Meet Castor, Six Stars in One

Castor System Vitals

Official name (IAU-approved)	Castor
Other designations	Alpha Geminorum, HIP 36850, HD 60178, HR 2890
Nicknames	-
Apparent Magnitude	1.58
Distance from Earth	50.9 light-years
Constellation	Gemini
Right Ascension	7h 34m 36s
Declination	+31° 53' 18”
Multiple system?	Yes
Variable star?	No
Exoplanets status	None known

Physical Characteristics

Castor, a prime ornament of the Gemini constellation and one of the brightest stars in the sky, is actually a system of stars with six unique members. While the Sun is a lone star without any nearby stellar companions, it’s not uncommon to find double, triple, and even multi-star systems scattered across the galaxy. But for the majority of human history, people have looked up to the gentle blue light of Castor without knowing that they weren’t seeing just one star, or two, or three, but six individual objects. It would take two important inventions to unravel the true story of Castor: the telescope in the early 1600s and — perhaps more importantly — the spectroscope in 1859.

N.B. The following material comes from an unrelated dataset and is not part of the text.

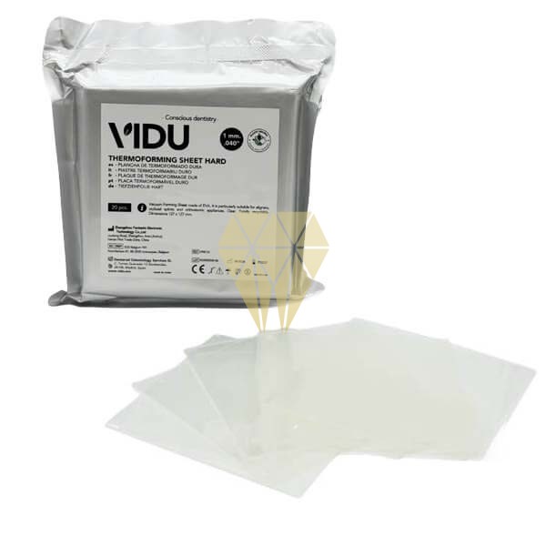 Las placas termoplásticas dentales VIDU están hechas pensando en el uso dental. Fáciles de preparar, flexionar y recortar, pero manteniendo la forma inicial y soportando las fuerzas masticatorias durante un largo periodo, estas placas termoplásticas de alta calidad son una opción ideal para su práctica diaria. La férula rígida VIDU mantiene los dientes en su posición después de la cirugía o cualquier otro método de realineación, minimizando el riesgo de recaída después del tratamiento de ortodoncia con un resultado estético.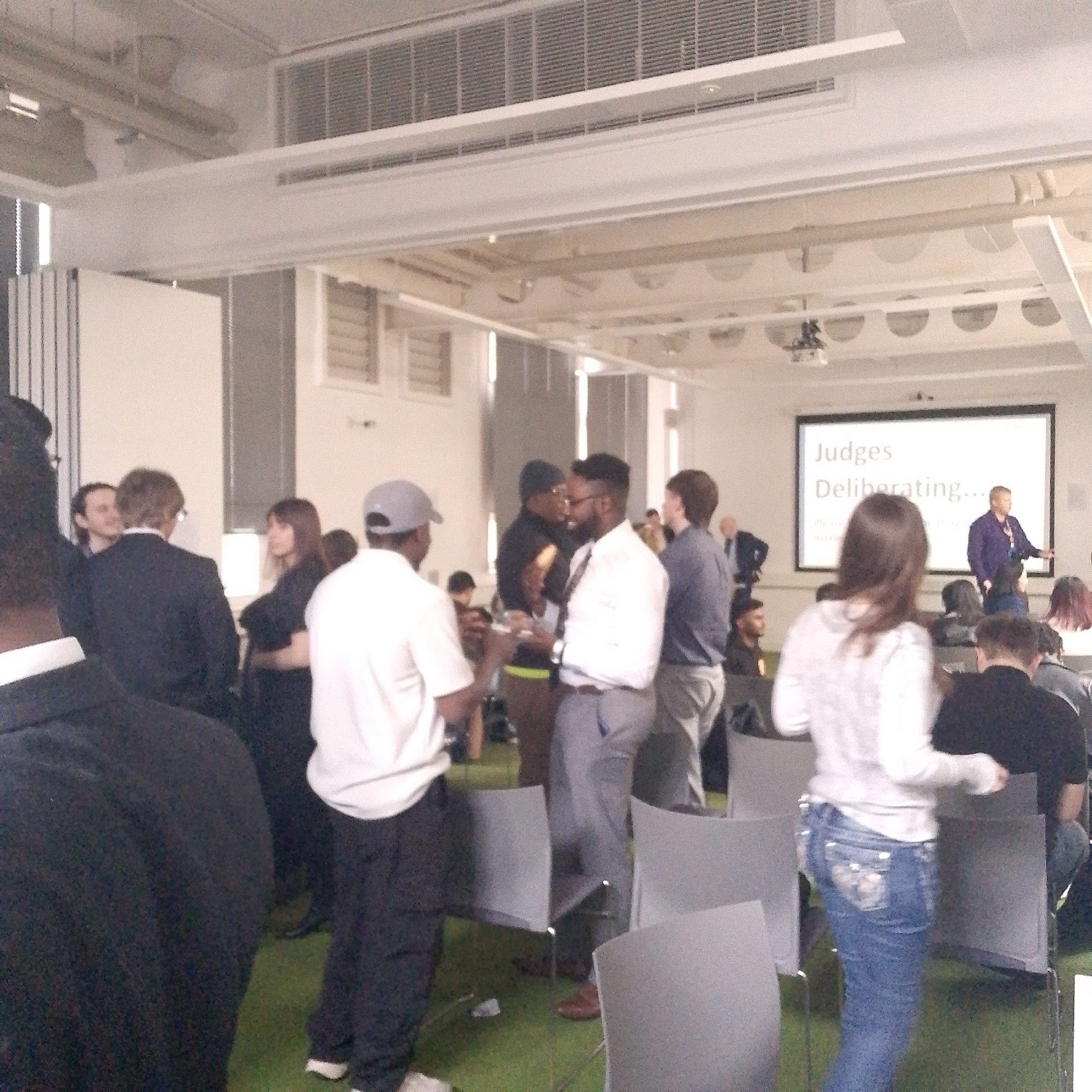 This image depicts an indoor event scene within a spacious, brightly lit venue in Coventry, United Kingdom. The room features a high ceiling with exposed white ventilation ducts and structural beams. Approximately 25 individuals, predominantly young to middle-aged adults of mixed genders and ethnicities, are visible. Many are standing in small groups, engaged in conversations, suggesting a networking period or a pause in an organized event. Attire varies from business casual, including suits and collared shirts, to casual wear such as t-shirts and jeans. In the background, a large white projector screen displays the text "Judges Deliberating...". A male in a purple collared shirt stands to the right of this screen, facing the room and gesturing with his right hand. A ceiling-mounted projector is positioned above the screen. Numerous grey, modern-style chairs are arranged in rows across a distinctive green carpeted floor; some are occupied, while many remain empty. The overall environment suggests a contemporary event space, likely during a competition or judging process.

If you examine Castor with a small telescope — as astronomer James Pound did in 1719 — you’ll see that the star visually splits into two main luminous points. These two stars are Castor Aa and Ba, a pair of A-type main sequencestars. This result isn’t a line-of-sight effect — Castor Aa and Ba are true binary stars close to each other, orbiting a shared gravity field as first described by William Herschel in 1803. Castor Aa and Ba are both a bit larger than the Sun; Castor Aa has a little over two solar masses. Their joint orbital period is about 467 years, so don’t expect to see changes in their positions night by night the way you might with an asteroid or planet.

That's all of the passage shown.